What is needed> In the records below, find the line containing "THE YARD NECKLACE", then print it and every following line exactly, through the last, without pictures.

---

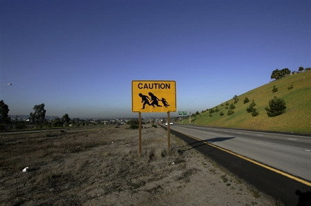 2006年1月25日,美国加州圣易西铎市,美国墨西哥交接的高速公路旁立着标牌,提醒司机注意横穿马路的非法移民。
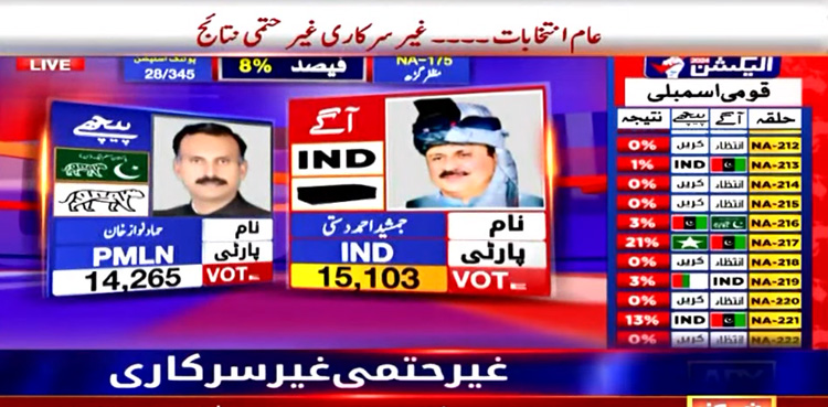 According to unofficial results received from all 345 polling stations of NA-175, the PTI-backed independent candidate Jamshed Dasti won the seat of NA-175 by securing 113,253 votes having a lead of 41,256 votes over Pakistan Peoples’ Party (PPP) candidate Mehar Arshad, who came in second position with 71,997 votes.
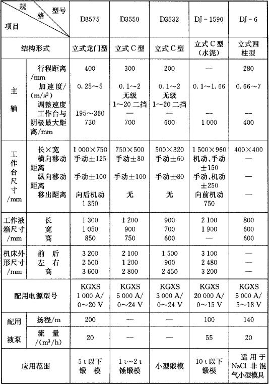 (一)电解加工的原理、特点及应用(表5.6-24) 表5.6-24 电解加工的原理、特点及应用 图5.6-18 表5.6-28 型腔电解加工机床规格  对于大型模具型腔加工宜采用龙门式结构机床;中小型模具选用C型结构机床或四柱式机床,并配合适电源及液泵。 (四)电解加工型腔的方法 1.阴极材料与加工 阴极材料:20,20Cr,45,45Cr,1Cr18Ni9Ti,黄铜,紫铜等。 阴极的工作表面根据图纸经铣削轮廓外形及型面,再依据型面样板进行钳工修磨成所要求的形状。也可采用电解反拷加工法成型。 2.型腔加工法 电解加工型腔的方法主要有两种,即混气电解加工法和非混气电解加工法。混气电解加工是在电解液中混入一定量的气体,使气液混合物输入加工间隙进行加工。 (五)提高电解加工精度的途径 ❶ 采用脉冲电解加工。 ❷ 采用小间隙电解加工。 ❸ 改进电解液,采用低浓度电解液。 ❹ 采用混气电解加工。 |
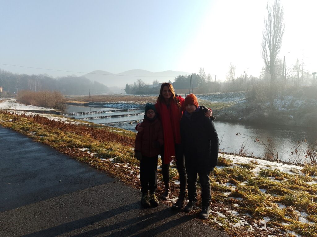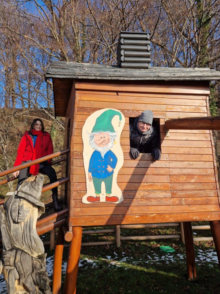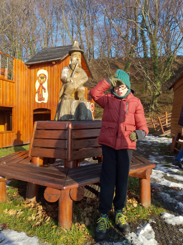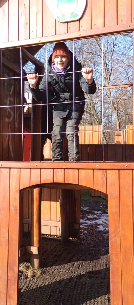 Przy okazji wybraliśmy się na zimowy spacer deptakiem wzdłuż Brennicy zaprowadził nas do wyjątkowego miejsca – bajkowego placu zabaw w Górkach Wielkich, inspirowanego twórczością Zofia Kossak.
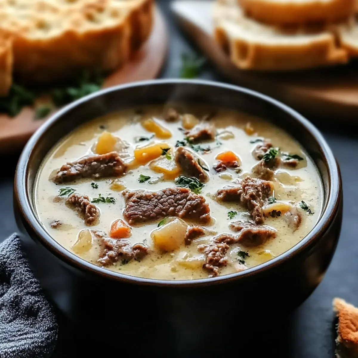 Creamy Philly Cheese Steak Soup for Ultimate Cozy Comfort
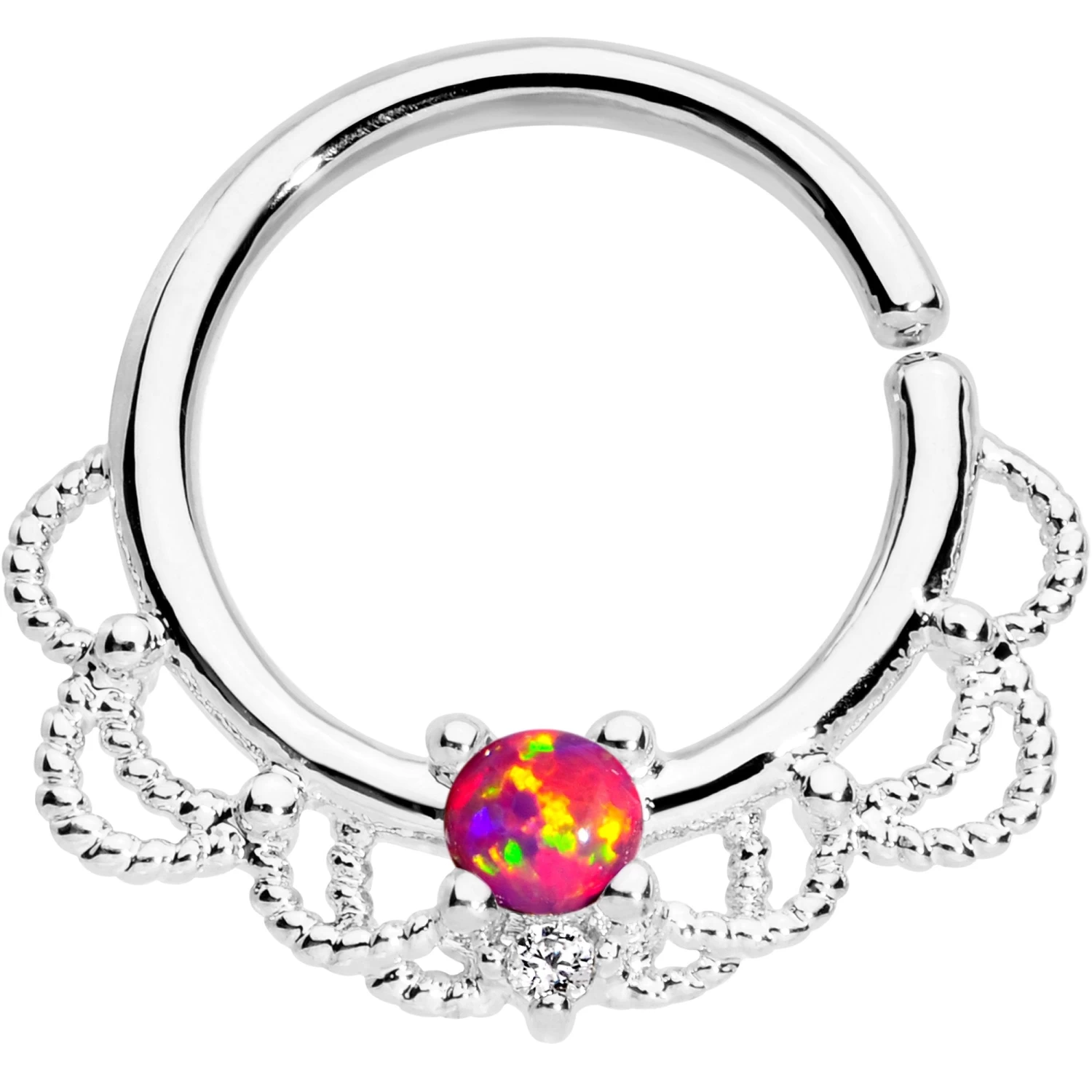 Embrace the art of graceful glamour and subtle style when you wear this simple, beautiful 16 gauge septum jewelry. Made with an adjustable 10mm platinum plated over brass circular barbell, this septum piercing features a bendable bar for easy insertion as well as a notched filigree style bottom charm set with a red cubic zirconia gem. Simply give this nose ring a gentle twist, insert into piercing, and bend shut for a perfect fit!
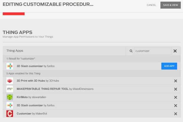 Ahora crear una cosa nueva en Thingiverse, sube tus archivos STL y código OpenSCAD y marque la casilla de "Este es un Personalizador". Asegúrese de que su nombre de la cosa empieza con la palabra "Personalizable". Además, ahora tienes que añadir la aplicación Personalizador explícitamente en la sección de aplicaciones en la parte inferior.
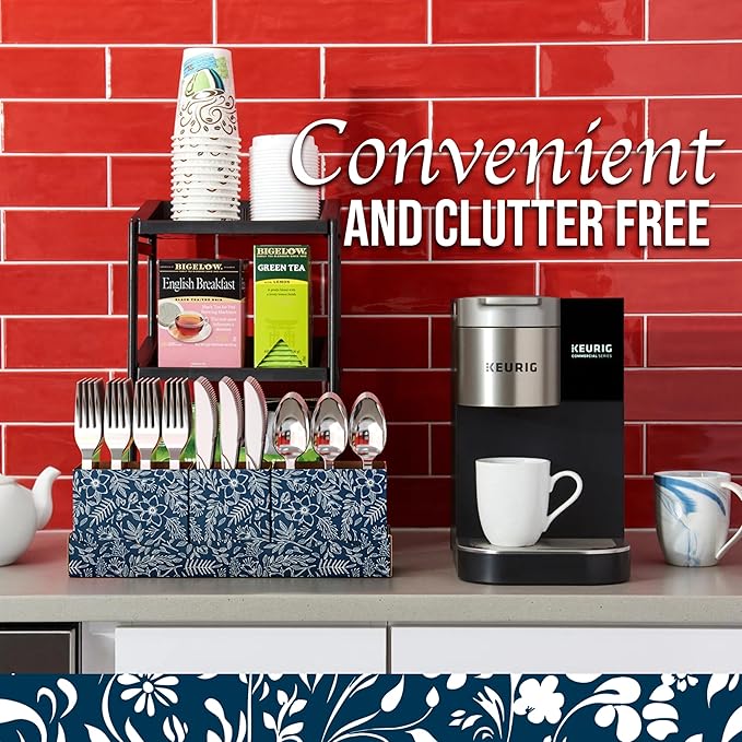- NEW PATENTED DESIGN: Introducing the caddy utensil holder with silver cutlery simply tear on the perforated lines and remove the tops to easily convert in to a fast and fashionable easy to use solution for silver plastic utensils the best office and kitchen utensil organizer
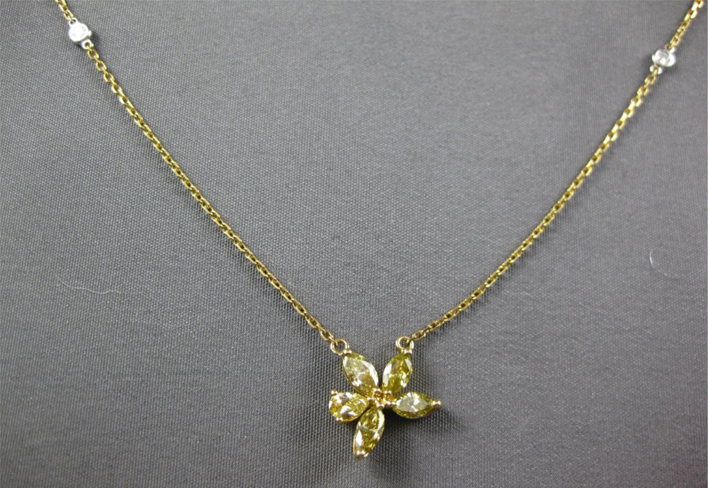 .97CT WHITE & FANCY YELLOW DIAMOND 18KT YELLOW GOLD FLOWER BY THE YARD NECKLACE
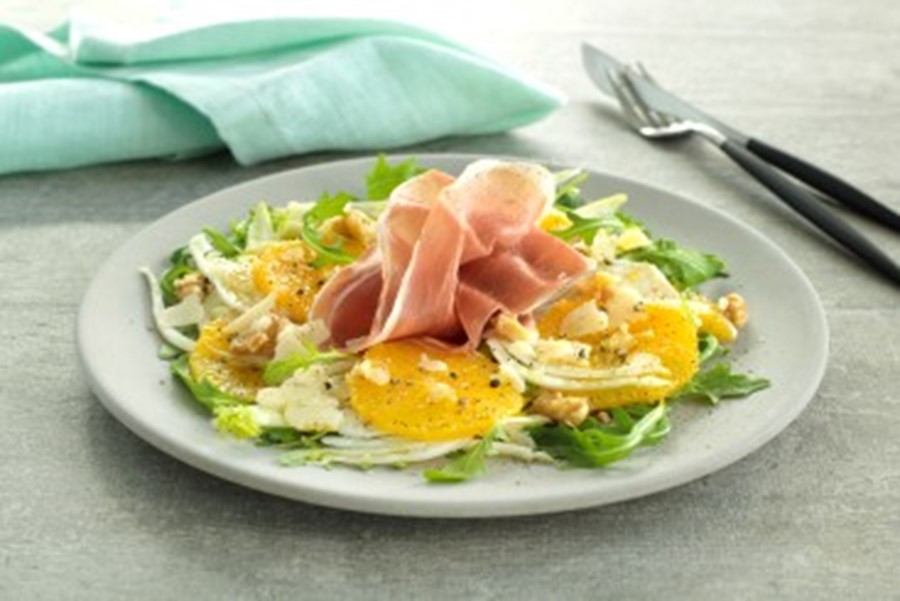 Fordel ruccola på tallerkener og legg appelsinskiver og fennikel oppå. Legg spekeskinken på toppen. Dryss over valnøttkjerner, parmesan, kvernet pepper og salt. Drypp over litt god olivenolje til slutt.

---

Finished task>
 .97CT WHITE & FANCY YELLOW DIAMOND 18KT YELLOW GOLD FLOWER BY THE YARD NECKLACE
 Fordel ruccola på tallerkener og legg appelsinskiver og fennikel oppå. Legg spekeskinken på toppen. Dryss over valnøttkjerner, parmesan, kvernet pepper og salt. Drypp over litt god olivenolje til slutt.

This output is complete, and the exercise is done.